## Directions
Nothing should appear in the answer except the lines below from the line containing "Anadolu Gençlik Derneği" through the line containing "Yellow Saffron Spanish", copied exactly, with pictures left out.

## Records for this task

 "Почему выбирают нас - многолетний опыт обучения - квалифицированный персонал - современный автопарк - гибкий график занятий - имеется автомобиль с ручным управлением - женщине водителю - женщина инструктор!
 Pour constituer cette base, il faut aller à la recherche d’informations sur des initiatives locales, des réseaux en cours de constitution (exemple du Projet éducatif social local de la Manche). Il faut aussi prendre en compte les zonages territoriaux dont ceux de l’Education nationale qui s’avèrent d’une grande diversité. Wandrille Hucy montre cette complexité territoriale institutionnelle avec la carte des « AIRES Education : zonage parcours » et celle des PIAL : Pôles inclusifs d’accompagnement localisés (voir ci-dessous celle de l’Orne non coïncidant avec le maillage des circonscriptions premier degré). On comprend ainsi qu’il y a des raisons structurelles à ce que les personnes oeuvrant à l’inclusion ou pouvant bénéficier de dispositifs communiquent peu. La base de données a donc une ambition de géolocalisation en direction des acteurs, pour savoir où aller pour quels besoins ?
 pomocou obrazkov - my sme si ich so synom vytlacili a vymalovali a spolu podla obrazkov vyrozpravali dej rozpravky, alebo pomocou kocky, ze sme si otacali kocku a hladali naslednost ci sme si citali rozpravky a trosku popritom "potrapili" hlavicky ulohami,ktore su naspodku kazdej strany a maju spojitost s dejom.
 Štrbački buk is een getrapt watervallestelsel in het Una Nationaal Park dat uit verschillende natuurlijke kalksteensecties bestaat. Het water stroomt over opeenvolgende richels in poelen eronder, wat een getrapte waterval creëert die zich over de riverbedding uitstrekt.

---

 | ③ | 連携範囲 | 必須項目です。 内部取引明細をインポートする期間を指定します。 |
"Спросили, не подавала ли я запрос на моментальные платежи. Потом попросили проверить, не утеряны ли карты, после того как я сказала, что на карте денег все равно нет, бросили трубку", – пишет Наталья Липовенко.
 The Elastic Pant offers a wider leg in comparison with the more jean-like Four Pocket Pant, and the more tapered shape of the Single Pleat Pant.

==

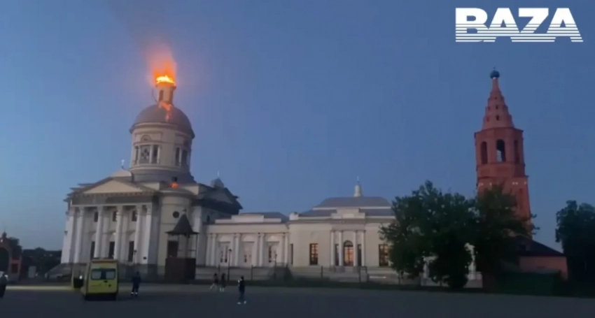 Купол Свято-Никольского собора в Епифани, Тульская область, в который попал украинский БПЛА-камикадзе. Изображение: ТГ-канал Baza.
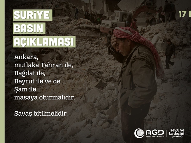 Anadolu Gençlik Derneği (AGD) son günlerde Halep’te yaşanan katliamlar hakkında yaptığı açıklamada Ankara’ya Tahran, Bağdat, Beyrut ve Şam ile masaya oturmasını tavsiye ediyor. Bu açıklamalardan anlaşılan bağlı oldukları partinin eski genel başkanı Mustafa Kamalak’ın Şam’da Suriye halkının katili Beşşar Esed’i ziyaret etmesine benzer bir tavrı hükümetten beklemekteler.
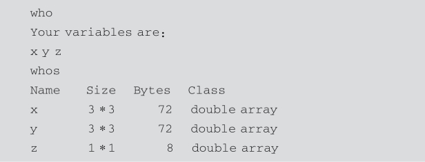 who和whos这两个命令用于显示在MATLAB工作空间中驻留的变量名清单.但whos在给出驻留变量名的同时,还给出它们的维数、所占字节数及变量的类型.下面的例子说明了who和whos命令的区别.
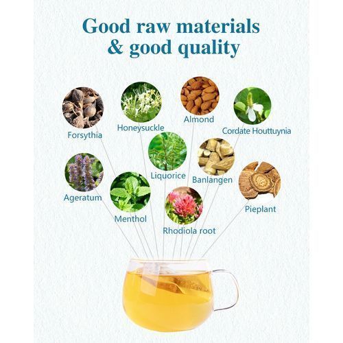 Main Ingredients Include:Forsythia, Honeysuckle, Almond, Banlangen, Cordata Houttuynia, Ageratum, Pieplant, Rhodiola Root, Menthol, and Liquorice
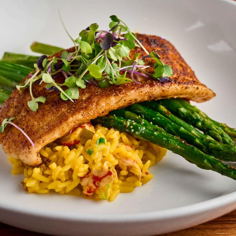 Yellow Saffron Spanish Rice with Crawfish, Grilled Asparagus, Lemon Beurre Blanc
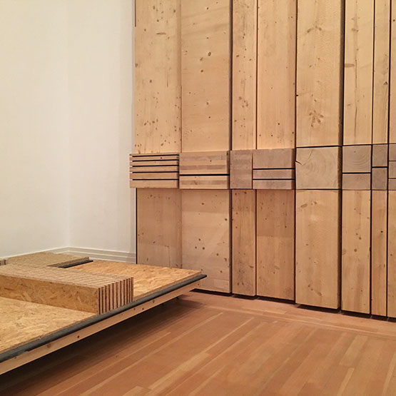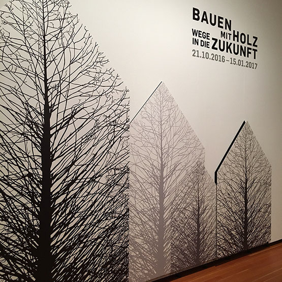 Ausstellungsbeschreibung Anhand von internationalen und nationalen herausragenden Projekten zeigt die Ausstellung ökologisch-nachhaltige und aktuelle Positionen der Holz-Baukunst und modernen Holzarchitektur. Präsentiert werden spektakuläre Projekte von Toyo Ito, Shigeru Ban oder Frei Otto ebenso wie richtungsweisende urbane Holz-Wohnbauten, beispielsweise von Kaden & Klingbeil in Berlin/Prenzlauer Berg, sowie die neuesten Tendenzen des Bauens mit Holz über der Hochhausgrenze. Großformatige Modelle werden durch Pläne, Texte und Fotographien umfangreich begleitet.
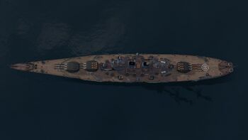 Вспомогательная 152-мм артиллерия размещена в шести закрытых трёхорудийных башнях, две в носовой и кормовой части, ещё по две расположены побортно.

## Solution to this exercise
 Anadolu Gençlik Derneği (AGD) son günlerde Halep’te yaşanan katliamlar hakkında yaptığı açıklamada Ankara’ya Tahran, Bağdat, Beyrut ve Şam ile masaya oturmasını tavsiye ediyor. Bu açıklamalardan anlaşılan bağlı oldukları partinin eski genel başkanı Mustafa Kamalak’ın Şam’da Suriye halkının katili Beşşar Esed’i ziyaret etmesine benzer bir tavrı hükümetten beklemekteler.
 who和whos这两个命令用于显示在MATLAB工作空间中驻留的变量名清单.但whos在给出驻留变量名的同时,还给出它们的维数、所占字节数及变量的类型.下面的例子说明了who和whos命令的区别.
 Main Ingredients Include:Forsythia, Honeysuckle, Almond, Banlangen, Cordata Houttuynia, Ageratum, Pieplant, Rhodiola Root, Menthol, and Liquorice
 Yellow Saffron Spanish Rice with Crawfish, Grilled Asparagus, Lemon Beurre Blanc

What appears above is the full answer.